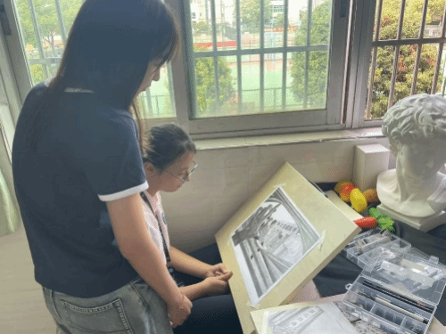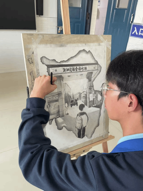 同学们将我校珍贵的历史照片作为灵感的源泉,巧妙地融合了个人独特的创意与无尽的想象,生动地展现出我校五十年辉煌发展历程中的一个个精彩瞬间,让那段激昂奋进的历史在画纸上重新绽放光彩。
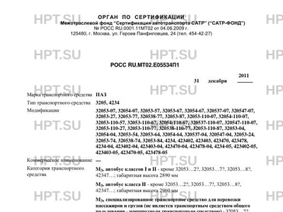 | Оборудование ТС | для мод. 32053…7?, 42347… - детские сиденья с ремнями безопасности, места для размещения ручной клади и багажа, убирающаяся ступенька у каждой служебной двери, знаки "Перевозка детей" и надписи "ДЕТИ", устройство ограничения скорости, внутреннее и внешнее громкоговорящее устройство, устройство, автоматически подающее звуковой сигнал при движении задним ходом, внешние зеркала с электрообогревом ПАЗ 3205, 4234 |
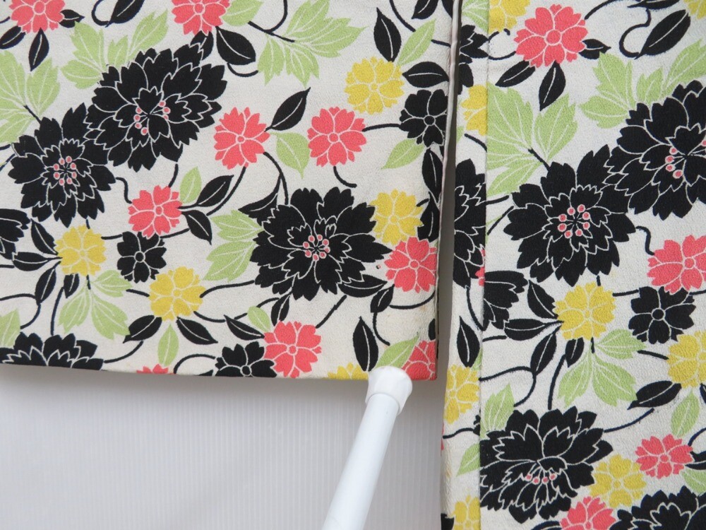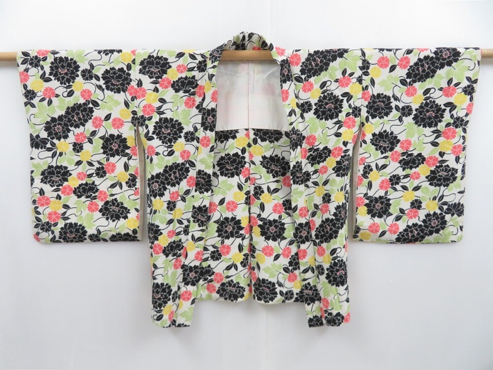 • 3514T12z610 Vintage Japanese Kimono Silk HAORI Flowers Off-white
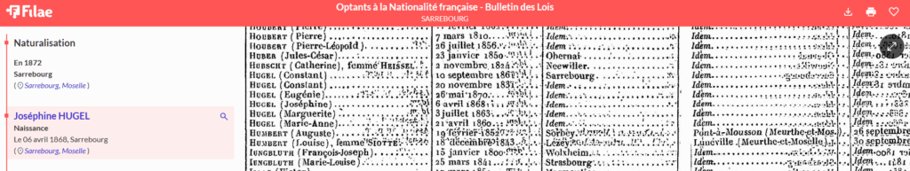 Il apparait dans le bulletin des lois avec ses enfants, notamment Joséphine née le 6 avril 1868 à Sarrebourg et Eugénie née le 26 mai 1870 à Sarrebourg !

+ + +

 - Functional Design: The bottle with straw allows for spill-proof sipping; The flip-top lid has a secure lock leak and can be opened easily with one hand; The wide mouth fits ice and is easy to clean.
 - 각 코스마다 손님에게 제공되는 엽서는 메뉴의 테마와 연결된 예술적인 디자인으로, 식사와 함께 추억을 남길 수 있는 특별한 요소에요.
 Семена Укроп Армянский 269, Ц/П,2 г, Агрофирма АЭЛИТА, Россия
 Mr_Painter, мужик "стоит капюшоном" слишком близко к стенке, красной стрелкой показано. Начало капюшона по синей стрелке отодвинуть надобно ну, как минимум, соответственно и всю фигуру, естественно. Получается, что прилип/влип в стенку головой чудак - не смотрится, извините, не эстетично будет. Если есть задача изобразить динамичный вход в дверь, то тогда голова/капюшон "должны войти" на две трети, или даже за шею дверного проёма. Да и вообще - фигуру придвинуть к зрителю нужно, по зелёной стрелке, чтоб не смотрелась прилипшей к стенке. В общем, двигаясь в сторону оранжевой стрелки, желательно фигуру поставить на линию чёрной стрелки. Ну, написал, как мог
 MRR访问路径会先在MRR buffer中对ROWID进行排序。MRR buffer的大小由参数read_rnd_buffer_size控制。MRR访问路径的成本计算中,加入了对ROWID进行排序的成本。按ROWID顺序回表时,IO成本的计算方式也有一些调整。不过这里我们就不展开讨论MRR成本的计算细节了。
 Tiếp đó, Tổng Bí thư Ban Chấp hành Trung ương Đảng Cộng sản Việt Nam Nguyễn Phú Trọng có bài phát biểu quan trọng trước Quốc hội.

+ + +

**Requirement**
Only the lines above from the one with "- 각 코스마다 손님에게" up to and including the one with "написал, как мог" should be repeated, exactly as written.

**Solution for this task**
 - 각 코스마다 손님에게 제공되는 엽서는 메뉴의 테마와 연결된 예술적인 디자인으로, 식사와 함께 추억을 남길 수 있는 특별한 요소에요.
 Семена Укроп Армянский 269, Ц/П,2 г, Агрофирма АЭЛИТА, Россия
 Mr_Painter, мужик "стоит капюшоном" слишком близко к стенке, красной стрелкой показано. Начало капюшона по синей стрелке отодвинуть надобно ну, как минимум, соответственно и всю фигуру, естественно. Получается, что прилип/влип в стенку головой чудак - не смотрится, извините, не эстетично будет. Если есть задача изобразить динамичный вход в дверь, то тогда голова/капюшон "должны войти" на две трети, или даже за шею дверного проёма. Да и вообще - фигуру придвинуть к зрителю нужно, по зелёной стрелке, чтоб не смотрелась прилипшей к стенке. В общем, двигаясь в сторону оранжевой стрелки, желательно фигуру поставить на линию чёрной стрелки. Ну, написал, как мог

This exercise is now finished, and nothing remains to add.